The better your work fits with the curator's needs, the more likely it is to be accepted.
Going into the planning stages for Explorations (2014), I wanted to include a wide range of designs by artists working in the field of freeform peyote beading. Everyone brings their own style and interpretation to freeform bead weaving, and I wanted to highlight and share that diversity.
I stated that I was looking for "original designs, high-quality photos and a wide range of styles. The predominant beading style of all work submitted for consideration must be freeform peyote stitch, though pieces may include other beading styles, stitches and media. Works may be jewelry, accessories or small sculptural pieces." Here's the full text for the Call for Entry. Launching the call, I didn't know what submissions I would receive, or how they would go together as a collection.
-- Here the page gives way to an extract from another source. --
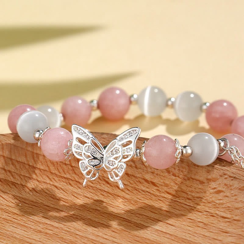 🔮 For When You Need Gentle Presence | Quiet Presence, Worn Daily. Chrysoberyl Cat’s Eye Chalcedony Butterfly Love Bracelet | AetherFate
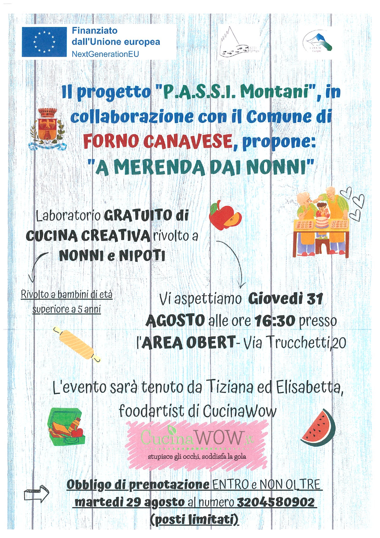 Laboratorio gratuito di cucina creativa rivolto a nonni e nipoti, GIOVEDI' 31 AGOSTO alle ore 16.30 presso l'Area Obert-Via Truchetti 20.

General Suggestions for Submitting Works
- Check the fit! Make sure your work fits the submission criteria. Several of the submissions I received were lovely examples of freeform bead weaving, but not the freeform peyote stitch technique. Since freeform peyote beading was the focus of my book, I couldn't include samples where the predominant stitch was anything else. Perhaps I'll write another book with a broader focus. This book wasn't it.
- Use what ever submission mechanism they request. Keeping track of all of the submissions can be a full-time job in and of itself. I had multiple spreadsheets, and still had trouble keeping track of the status for many of the submissions, as I often needed to request different or additional photographs. Make it easier on the publisher, gallery or curator by using their submission process.
- Submit your best work. Yes, this seems like a no-brainer, but it needs to be said.
- Take the best photographs you can. More on this below.
- Make sure your photographs meet the Call's criteria. Image size and resolution can make or break your submission. I'll talk about this in depth later in this post.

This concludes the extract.